Print Edition - 2018-09-06 | Oped
A bogus deal on Nafta
- Trump’s agreement will hurt workers
Sep 6, 2018-
The North American Free Trade Agreement is a nearly 25-year-old agreement that needs to be modernised to address new technologies, update intellectual property rights and protect American industry and workers from unfair competition. Instead, President Trump has proposed replacing Nafta with something worse, a vague agreement that could hurt American workers and raise prices for American consumers while antagonising America’s neighbours.
In the Trumpian worldview, Canada isn’t a friendly neighbour but a frosty enemy bent on ruining our steel, auto and dairy industries while cutting down forests in British Columbia and trucking the lumber across the border. Fiends! Likewise, as he sees it, Mexico ships tequila, produce and people north, and imports our higher-paying manufacturing jobs. Desperados! Yet his solutions would simply add complications with few benefits.
Under the revised, don’t-call-it-Nafta bilateral deal with Mexico that he awkwardly announced last week, 75 percent of the value of vehicles exported to the United States would have to come from North American-made parts, up from the current 62.5 percent. And 40-to-45 percent of the value would have to be made by workers who earn at least $16 an hour. Otherwise, Mexican-assembled vehicles would be subject to a 2.5 percent tariff.
Auto companies have developed global supply chains since Nafta began in 1994, costing thousands of manufacturing jobs in the United States, as low-value work shifted to Mexico and other lower-cost countries.

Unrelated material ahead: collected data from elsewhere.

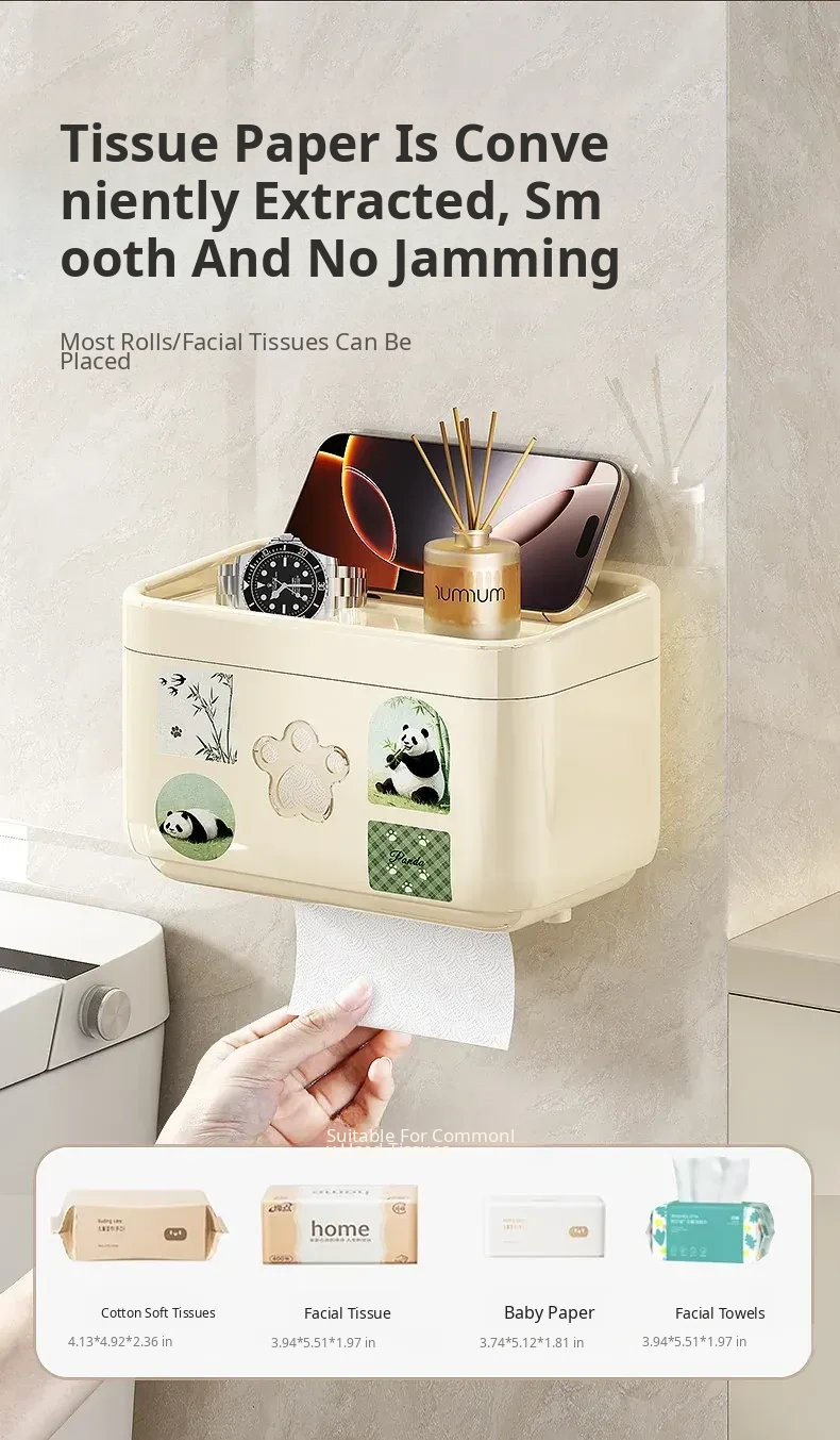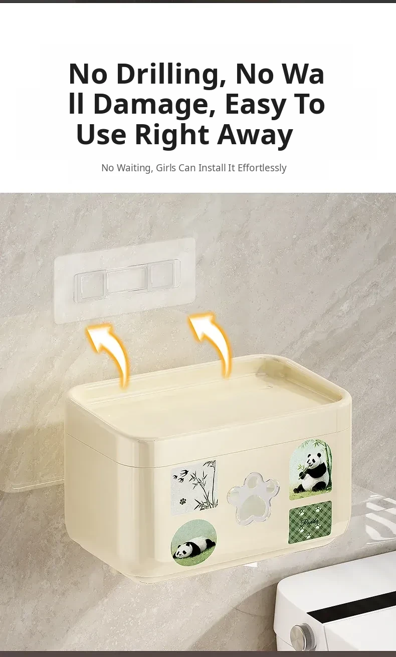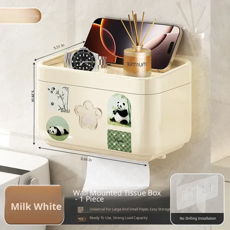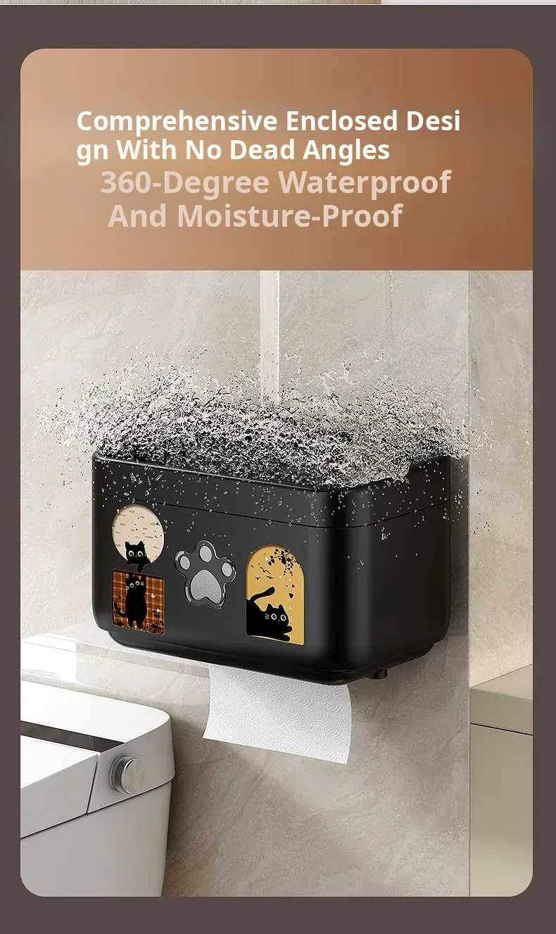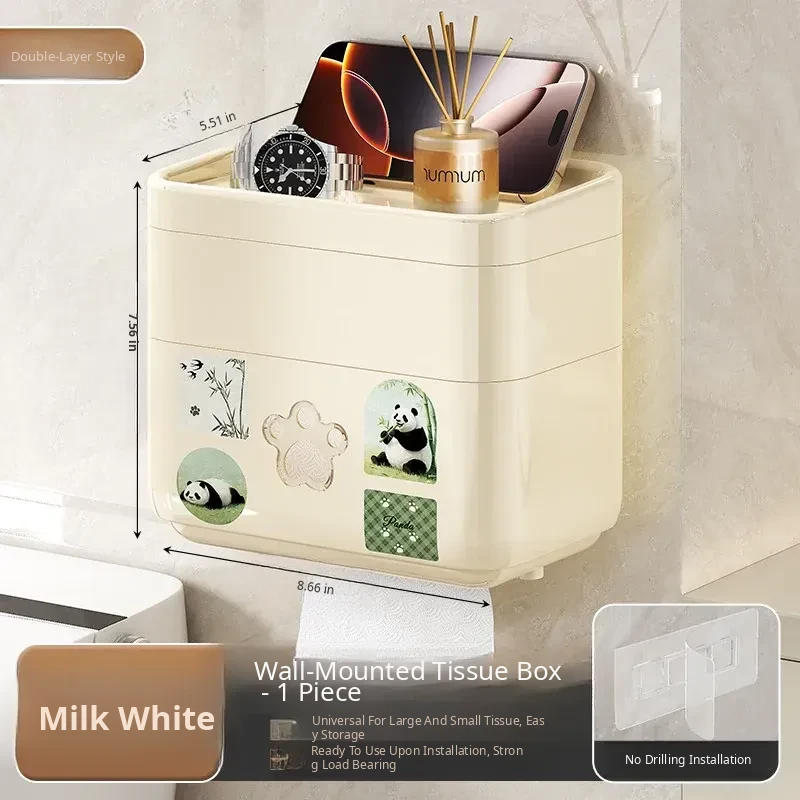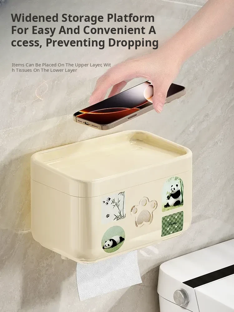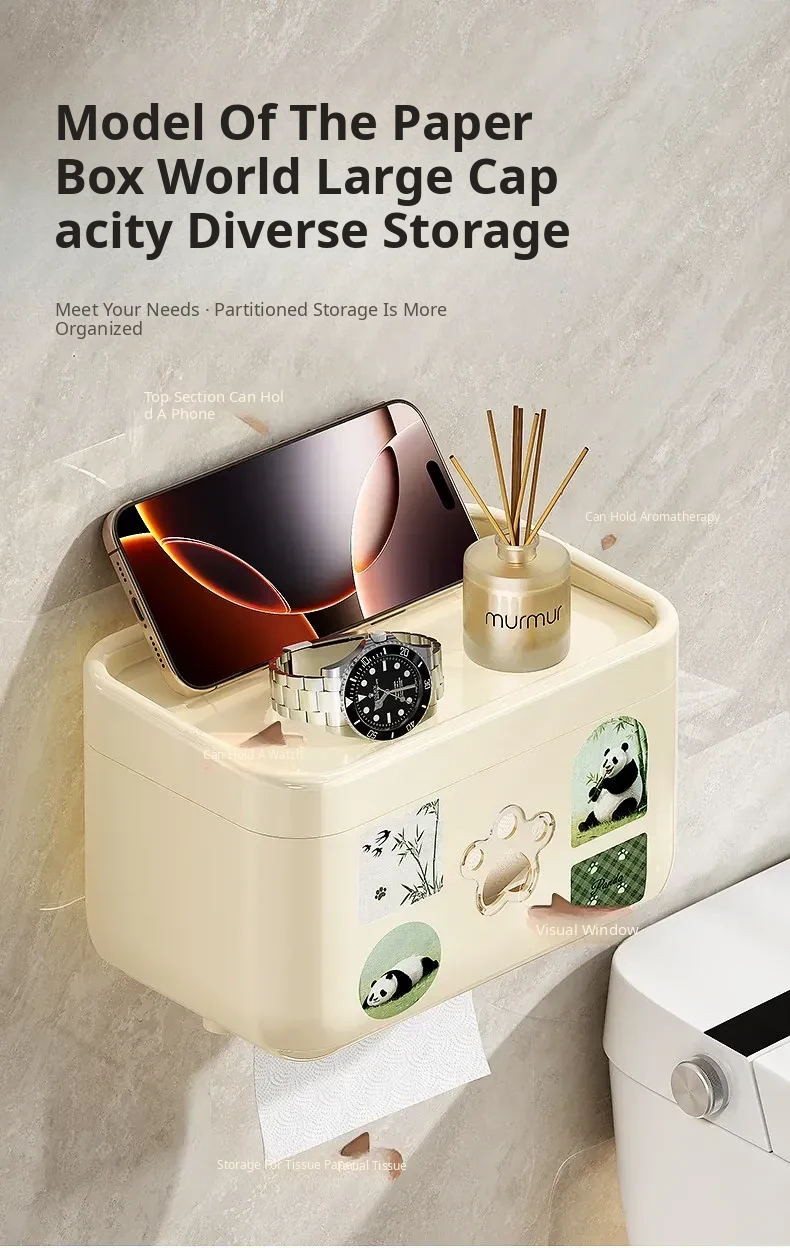 Wall-Mounted Waterproof Toilet Paper Holder - No Drill Tissue Box for Bathrooms, Convenient Roll Paper Rack & Storage Shelf for Hygiene Essentials
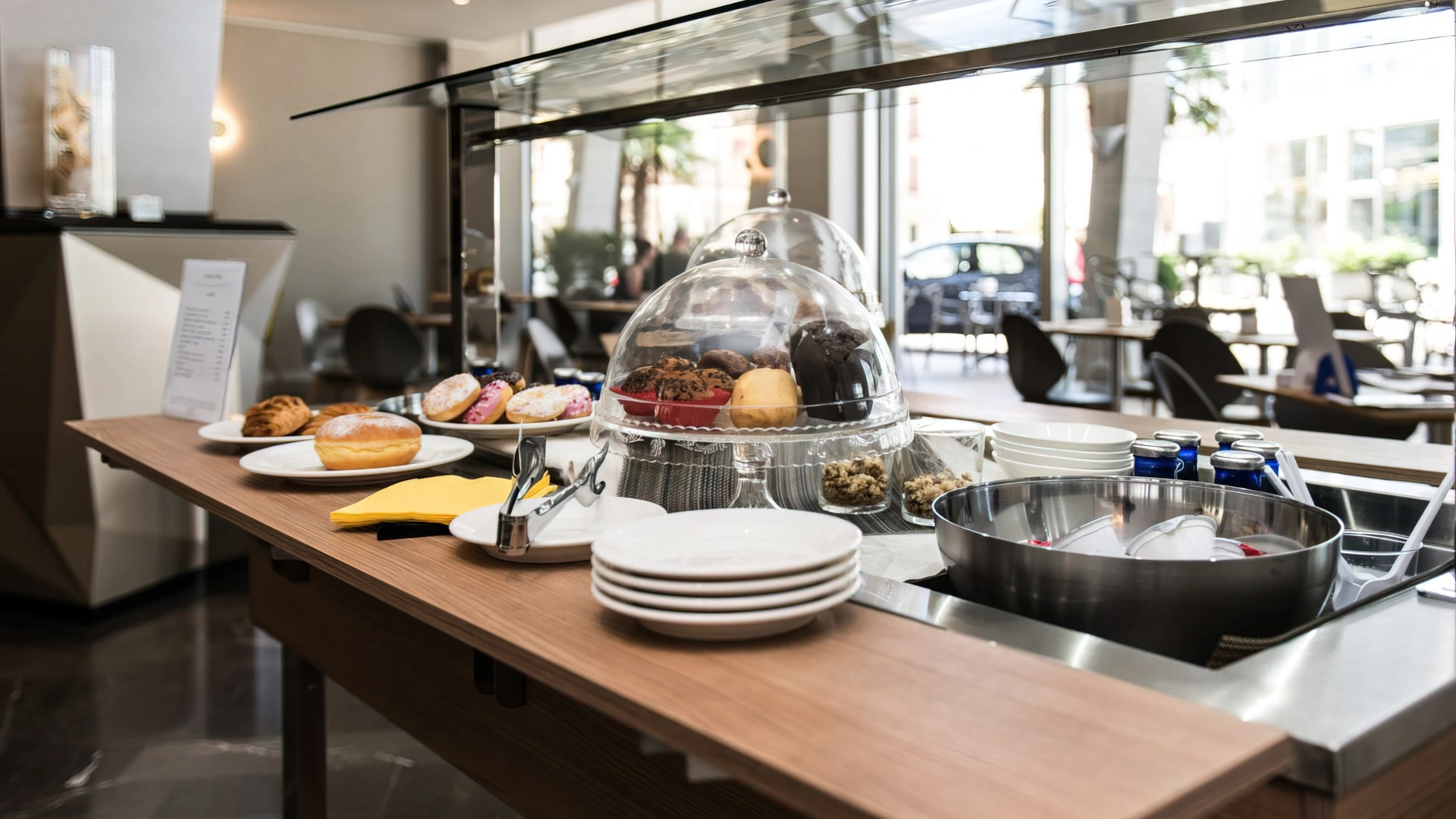 La colazione, servita a buffet, offre opzioni dolci e salate.
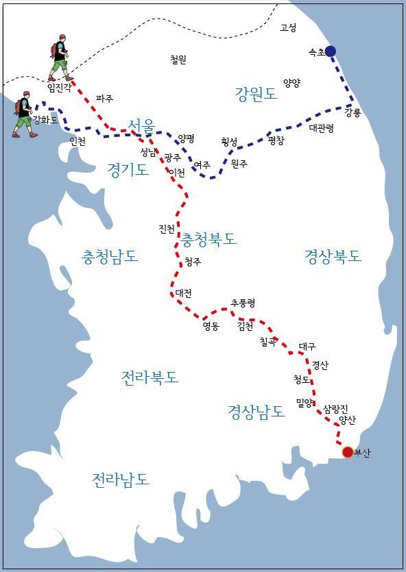 배낭 메고 24일간 걸어 국토 1000km를 종횡단한 58살 청년 이야기
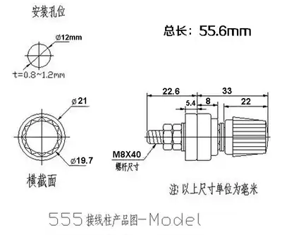 555 all-copper terminal block M8 8mm copper grounding column Inverter lithium battery terminal Welding machine terminal block
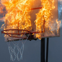 The image shows a basketball hoop with flames engulfing it. This is an unusual and dangerous situation, as the fire could cause significant damage or even be a threat to life if not handled immediately. It appears to be an implied reference rather than an actual event; it's important to remember that fires are extremely hazardous and should never be played with.
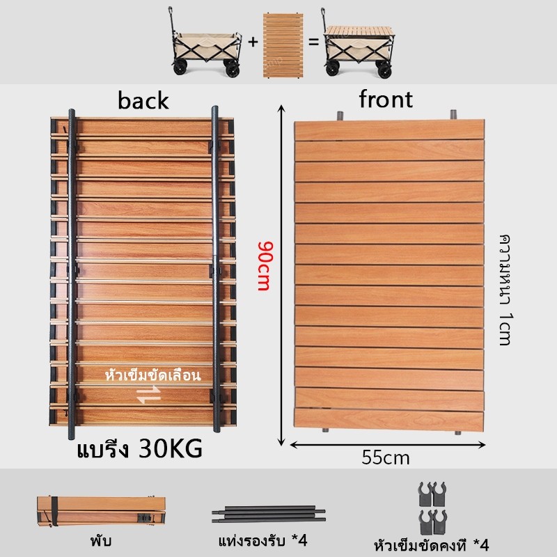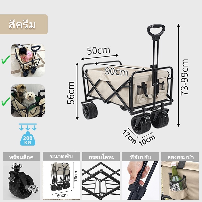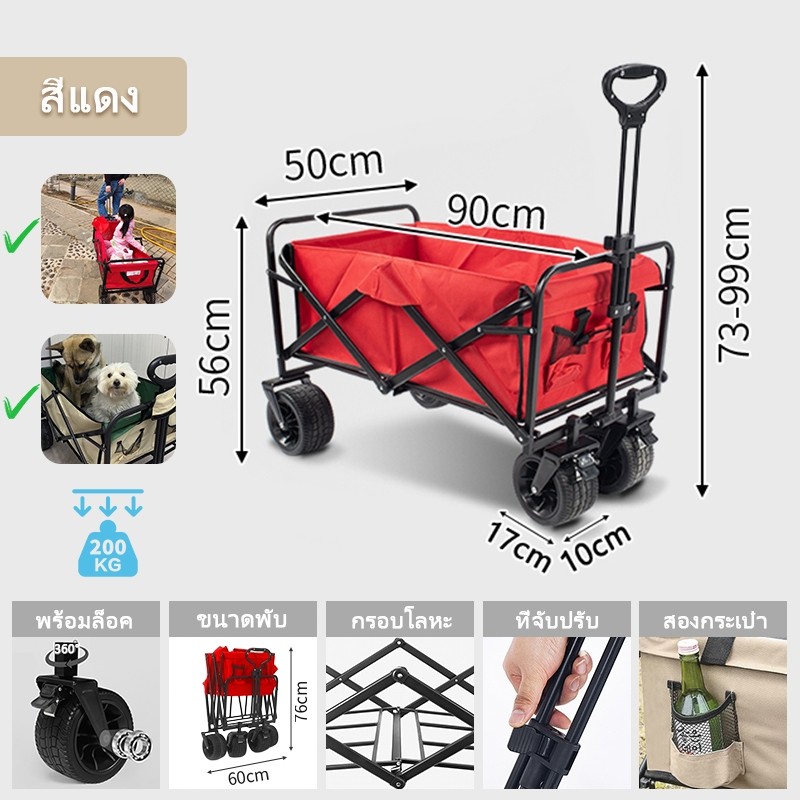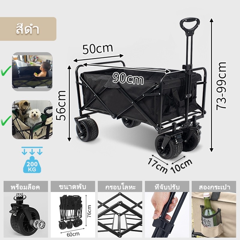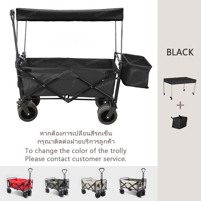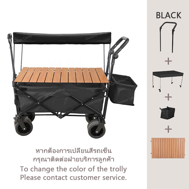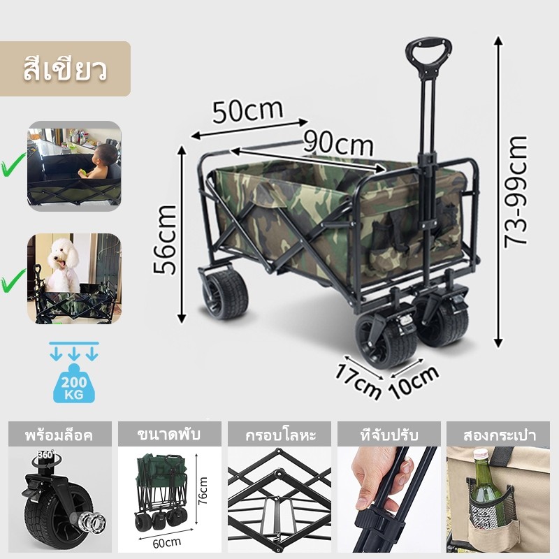 🎉ข้อเสนอพิเศษรถเข็นแคมป์ปิ้ง โต๊ะแคมป์ปิ้งพับได้ รถเข็นพกพา รถเข็นของของ รถเข็นแคมปิ้ง Wagon Trolleyล้อโต 8นิ้ว ความจุข

Auto companies have also built plants here using the same supply chain rationale, though, partly because labor costs in those American plants have decreased in the aftermath of the Great Recession. Mexico, in turn, is becoming less dependent on the American market every year —meaning the deal is covering fewer and fewer jobs. So Mr. Trump’s deal isn’t going to be getting jobs back from Mexico.
We will not be better off. Nor is Congress planning to cede its authority in treaty making. The president can and should expect a bipartisan pushback against an unnecessary and abusive bad “deal.”